Published online by Cambridge University Press: 28 July 2009
This book was prompted by an important, but inconclusive, historiographical debate on the failure of the Reformation in Ireland, which took place in the 1970s. Prior to that exchange, virtually all studies of the subject were hopelessly symmetrical. Characterised by parti pris, and afflicted by a deterministic vision, the majority of them contended that the Tudor state failed immediately and irreversibly to win the allegiance of the indigenous population to its religious dictates, mainly because of the inherently conservative character of the island's inhabitants. The only significant differences displayed by such studies were their use of opposing confessional models to interpret and explain the nature and significance of Ireland's religious conservatism. For Catholic writers, native conservatism represented a deep-seated and laudable attachment to the ancestral faith of Ireland, which found expression in the people's valiant, and ultimately successful, struggle to preserve the faith in an unsullied form during the Reformation.
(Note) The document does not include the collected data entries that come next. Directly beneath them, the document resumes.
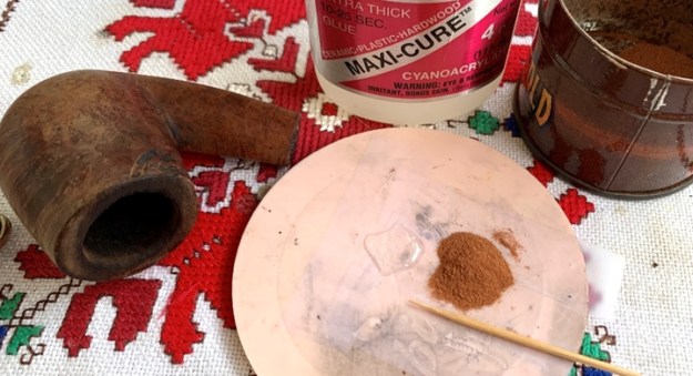 After cleaning the area with alcohol, I begin by mixing briar dust with BSI Extra Thick Maxi-Cure CA glue using a toothpick. I draw briar dust into the puddle of glue until the thickness is that of molasses. I then use the toothpick to trowel the putty to the hole. I press the putty into the hole partially to fill it. I use an accelerator to quicken the curing and to hold the patch in place.
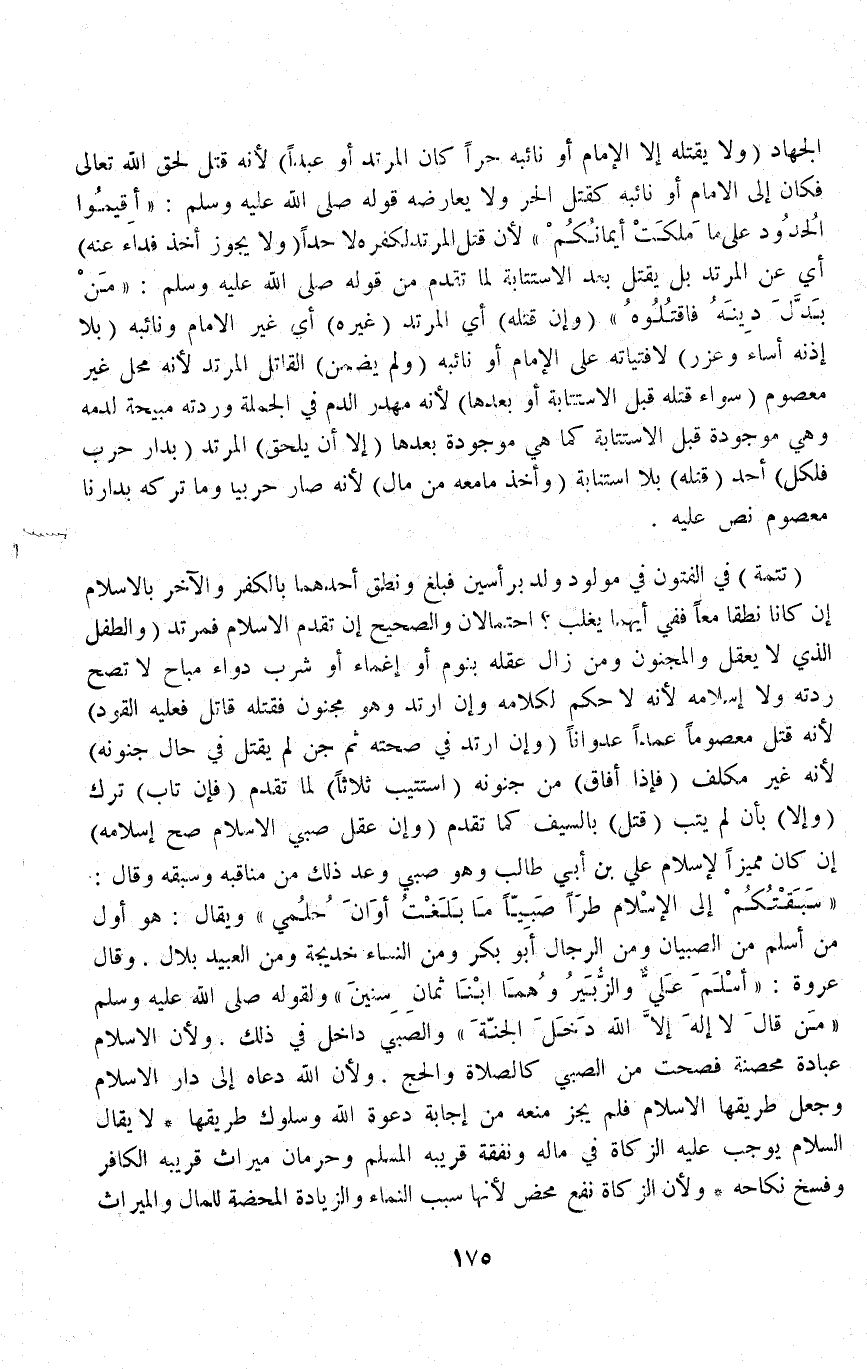 (تَتِمَّةٌ) فِي الْفُنُونِ فِي مَوْلُودٍ وُلِدَ بِرَأْسَيْنِ فَبَلَغَ وَنَطَقَ أَحَدُهُمَا بِالْكُفْرِ وَالْآخَرُ بِالْإِسْلَامِ إنْ كَانَا نَطَقَا مَعًا فَفِي أَيِّهِمَا يُغَلَّبُ؟ احْتِمَالَانِ وَالصَّحِيحُ إنْ تَقَدَّمَ الْإِسْلَامُ فَمُرْتَدٌّ.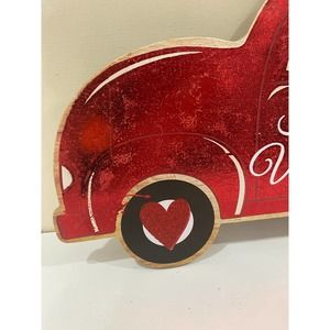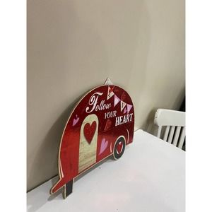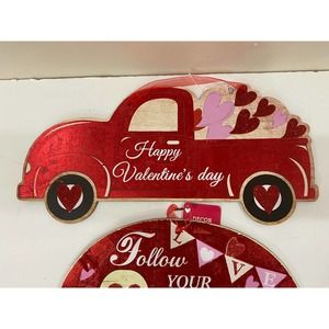 Set of 2 Happy Valentine’s Day Red Truck & Camper Wood Hanging Wall Sign Decor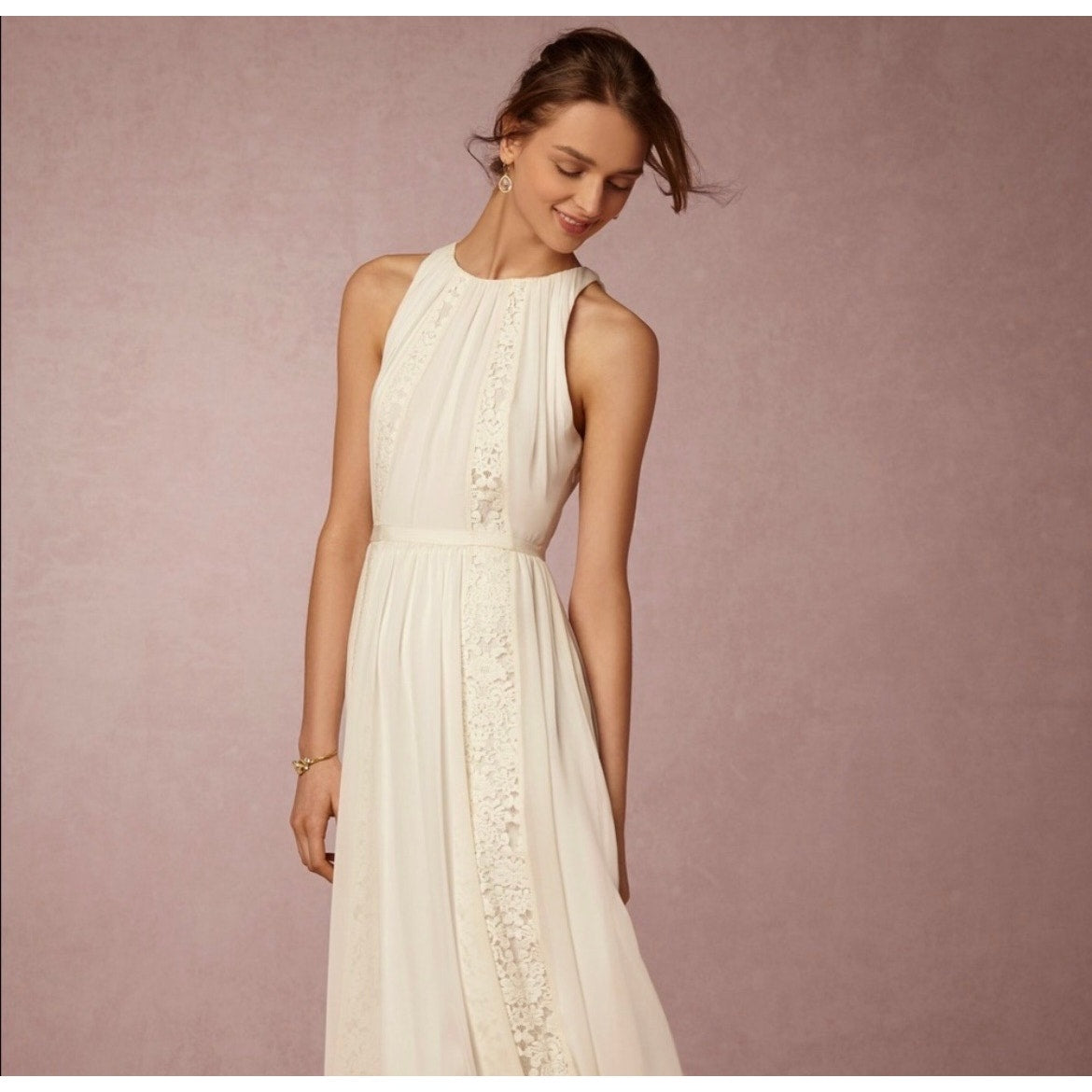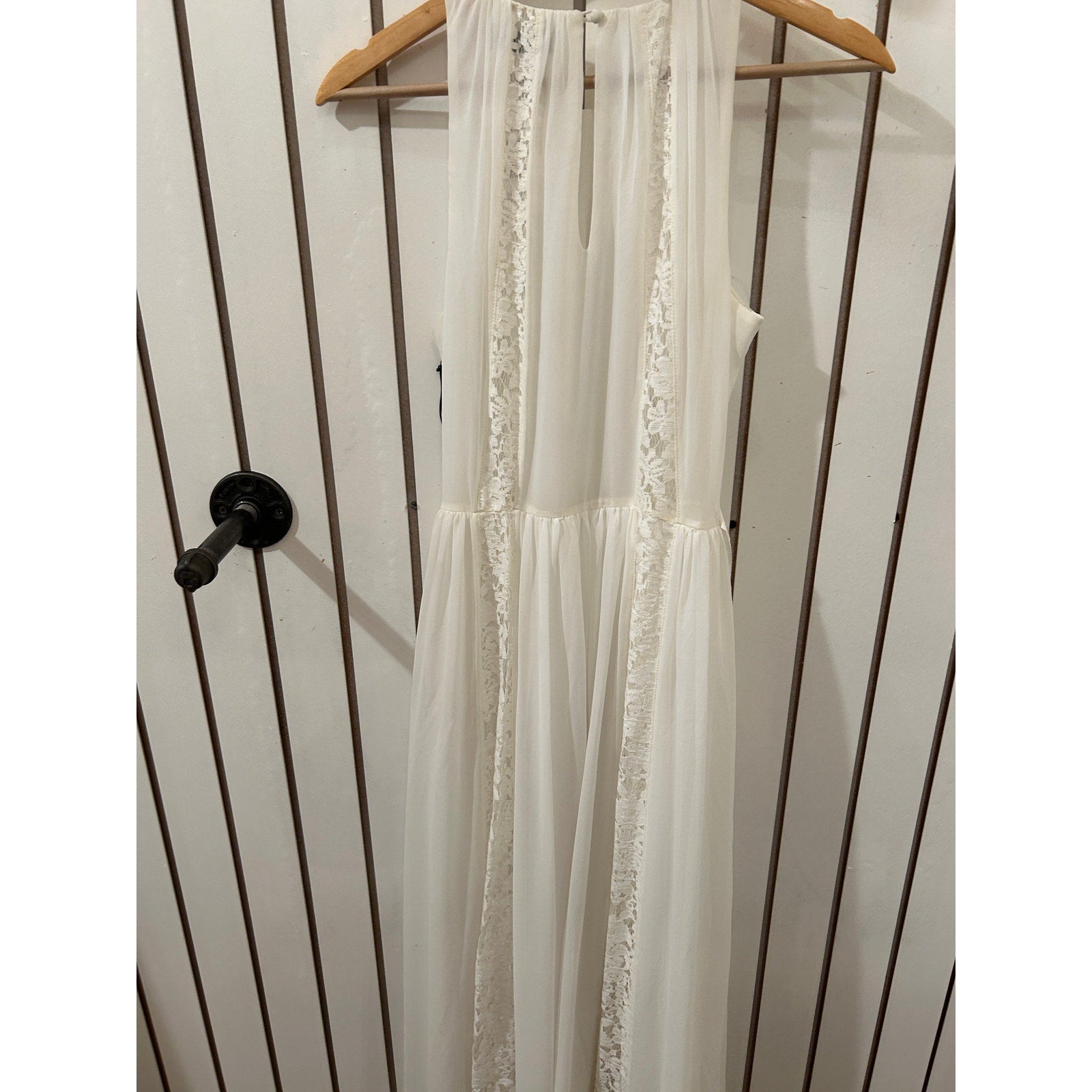 Elegant and timeless, this Bailey/44 white maxi column dress features delicate lace accents for a romantic touch. Perfect for special occasions, beach weddings, or evening events, it offers a sleek silhouette with effortless sophistication.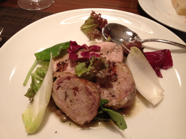 前菜に、「ホロホロ鷄のガランティーニ」「ランゴスティーニとエリンギのソテー、ひよこ豆のペースト添え」なんかを頂いておりますと、ワインも進みます♪
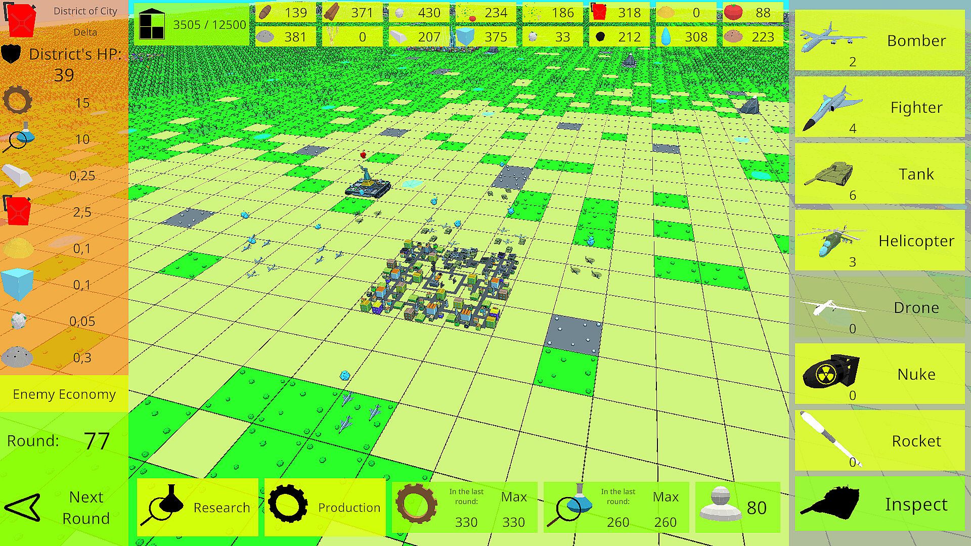 Tracktopia is a strategy game with city-building elements, where your city moves on tracks and serves as a super powerful unit. The goal of the game is to destroy the enemy nation. Boost your city's production to create more units. Don’t forget to invest in research as well, enabling you to develop more efficient buildings and stronger units. Achieve this by constructing districts in Tracktopia—there are 10 different types available.

Protestant writers, in contrast, saw it as a collective character defect, an unremitting force built upon an ingrained and wilful ignorance, which was impervious to the ‘true’ religion advanced by the ‘godly’ reformers of the sixteenth century.
In the late 1960s and 1970s this cycle of crude deterministic writing was broken by Brendan Bradshaw, whose pioneering work applied what was, in Irish terms, a fresh series of intellectual templates for the exploration of the Reformation.